▸ **Instructions for the task**: Output each entry verbatim. Leave the images out.

───── Data records ─────

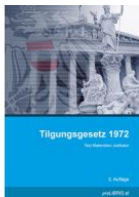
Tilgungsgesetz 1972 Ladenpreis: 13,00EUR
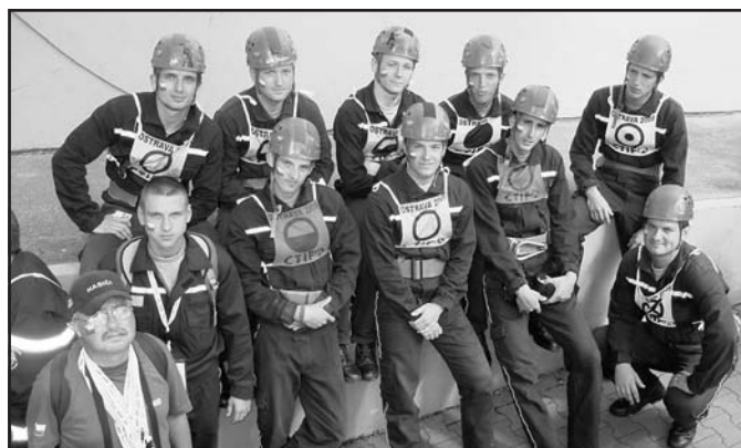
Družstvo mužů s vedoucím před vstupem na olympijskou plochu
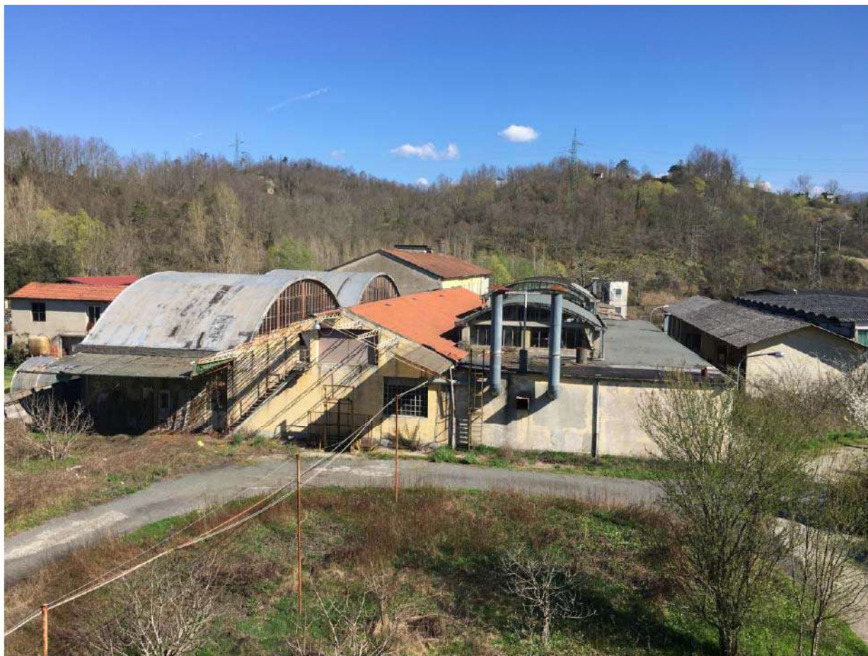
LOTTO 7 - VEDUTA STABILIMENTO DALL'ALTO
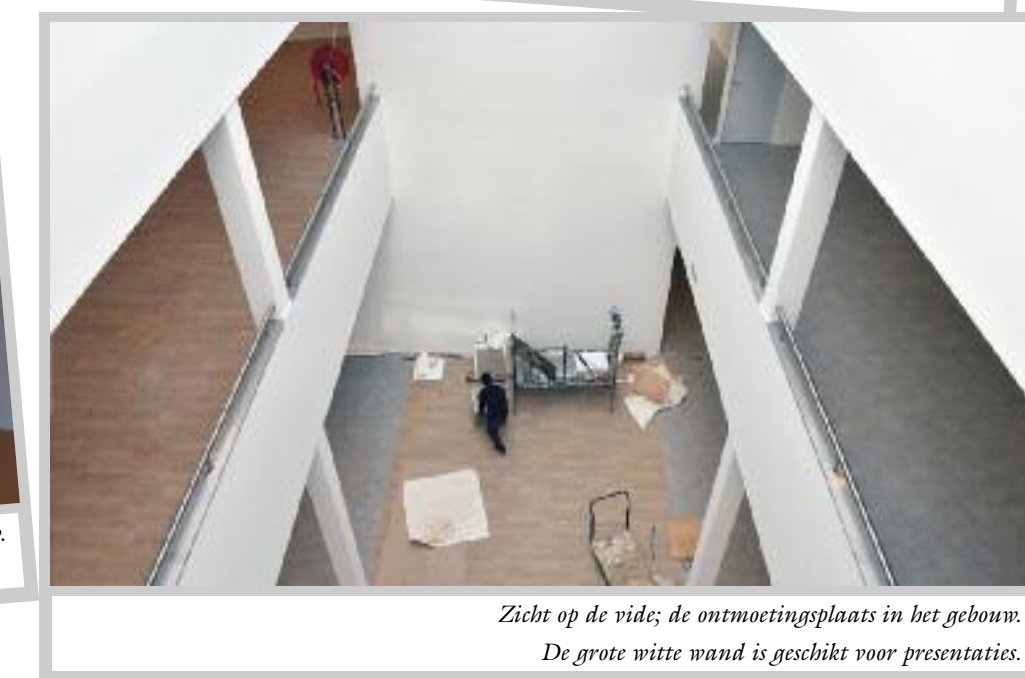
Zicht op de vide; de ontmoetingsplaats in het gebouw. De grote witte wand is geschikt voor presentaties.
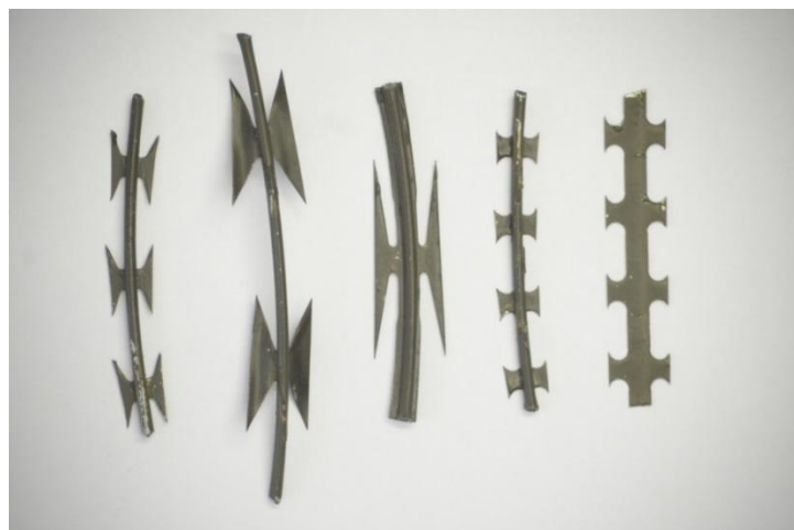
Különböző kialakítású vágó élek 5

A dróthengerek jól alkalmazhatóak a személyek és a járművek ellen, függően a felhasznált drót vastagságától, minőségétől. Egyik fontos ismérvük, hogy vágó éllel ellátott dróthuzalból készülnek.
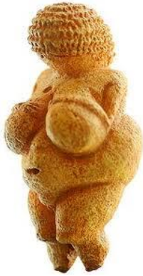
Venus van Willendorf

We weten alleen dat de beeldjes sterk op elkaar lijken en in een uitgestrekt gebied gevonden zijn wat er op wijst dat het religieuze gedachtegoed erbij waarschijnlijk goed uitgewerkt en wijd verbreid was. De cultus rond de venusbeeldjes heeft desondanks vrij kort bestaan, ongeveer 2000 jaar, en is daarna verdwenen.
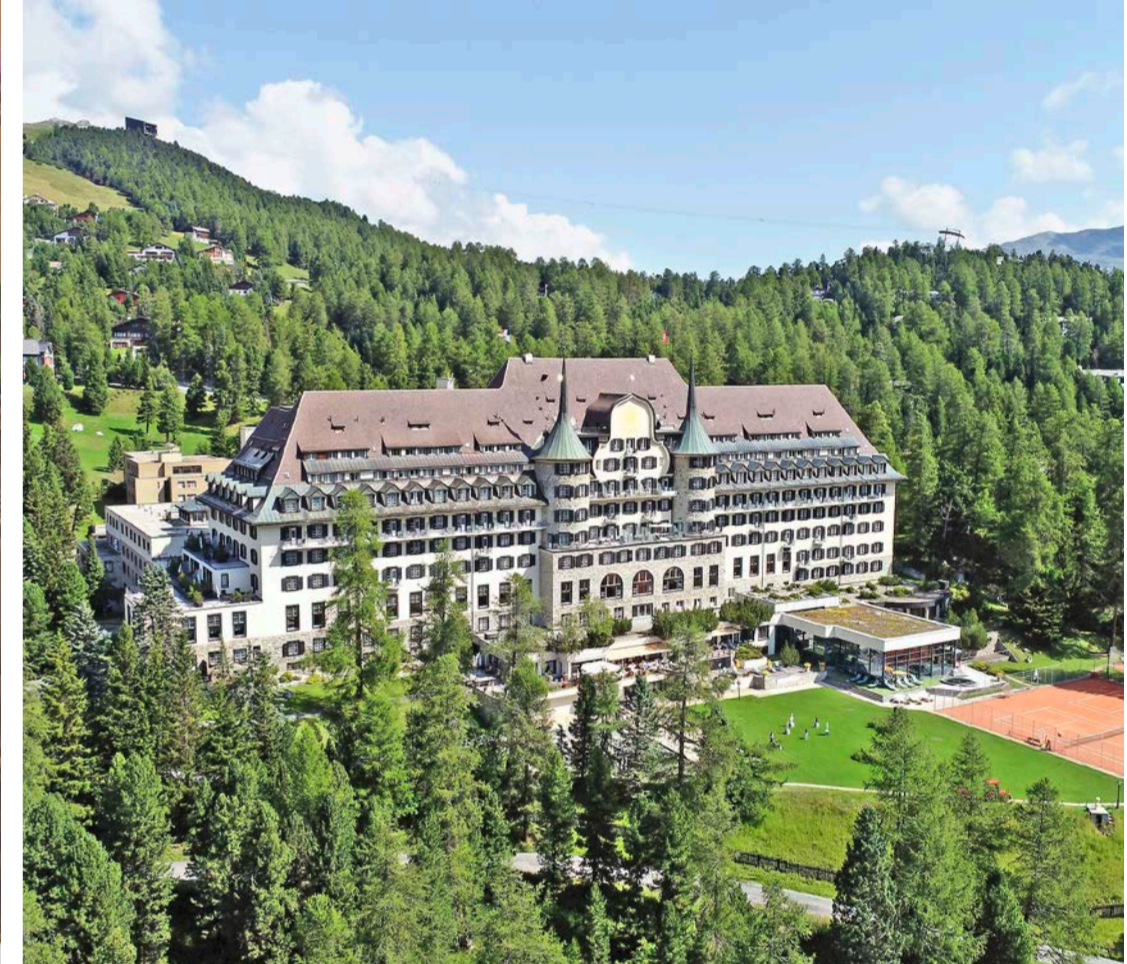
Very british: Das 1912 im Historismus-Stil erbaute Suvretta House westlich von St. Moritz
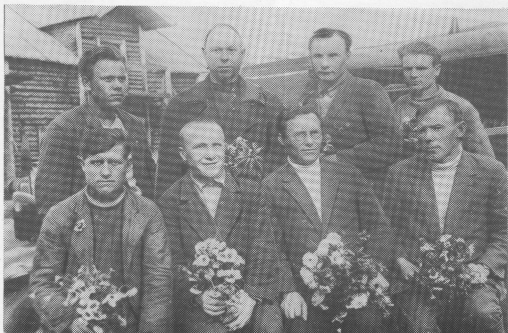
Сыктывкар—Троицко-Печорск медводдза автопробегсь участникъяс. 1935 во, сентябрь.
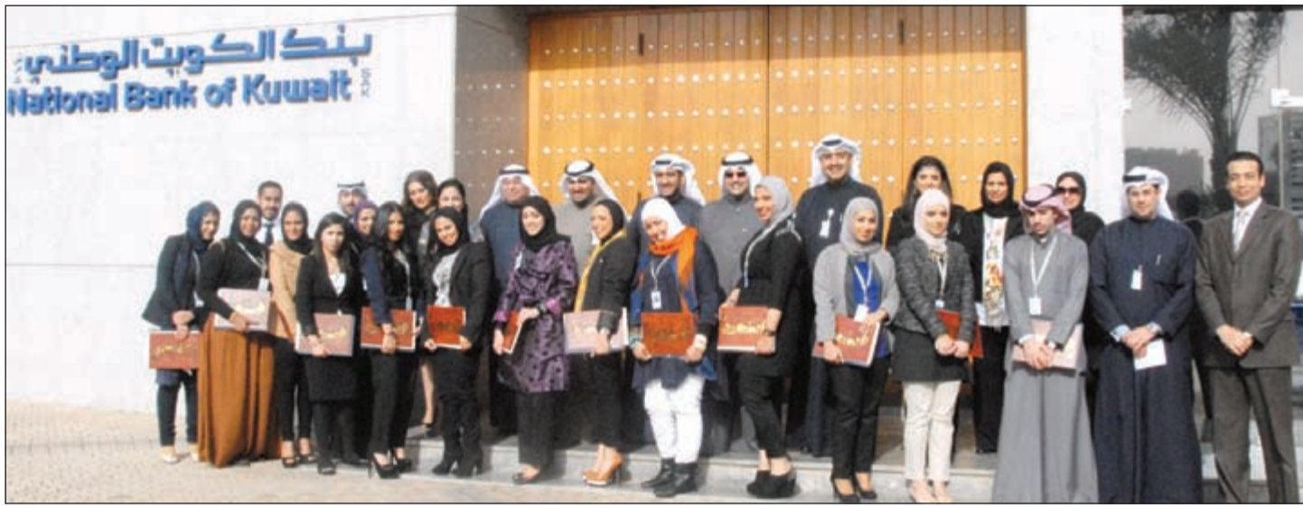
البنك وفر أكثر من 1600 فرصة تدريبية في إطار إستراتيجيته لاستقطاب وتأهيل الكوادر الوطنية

─────

▸ **Response to the exercise**:
Tilgungsgesetz 1972 Ladenpreis: 13,00EUR
Družstvo mužů s vedoucím před vstupem na olympijskou plochu
LOTTO 7 - VEDUTA STABILIMENTO DALL'ALTO
Zicht op de vide; de ontmoetingsplaats in het gebouw. De grote witte wand is geschikt voor presentaties.
Különböző kialakítású vágó élek 5

A dróthengerek jól alkalmazhatóak a személyek és a járművek ellen, függően a felhasznált drót vastagságától, minőségétől. Egyik fontos ismérvük, hogy vágó éllel ellátott dróthuzalból készülnek.
Venus van Willendorf

We weten alleen dat de beeldjes sterk op elkaar lijken en in een uitgestrekt gebied gevonden zijn wat er op wijst dat het religieuze gedachtegoed erbij waarschijnlijk goed uitgewerkt en wijd verbreid was. De cultus rond de venusbeeldjes heeft desondanks vrij kort bestaan, ongeveer 2000 jaar, en is daarna verdwenen.
Very british: Das 1912 im Historismus-Stil erbaute Suvretta House westlich von St. Moritz
Сыктывкар—Троицко-Печорск медводдза автопробегсь участникъяс. 1935 во, сентябрь.
البنك وفر أكثر من 1600 فرصة تدريبية في إطار إستراتيجيته لاستقطاب وتأهيل الكوادر الوطنية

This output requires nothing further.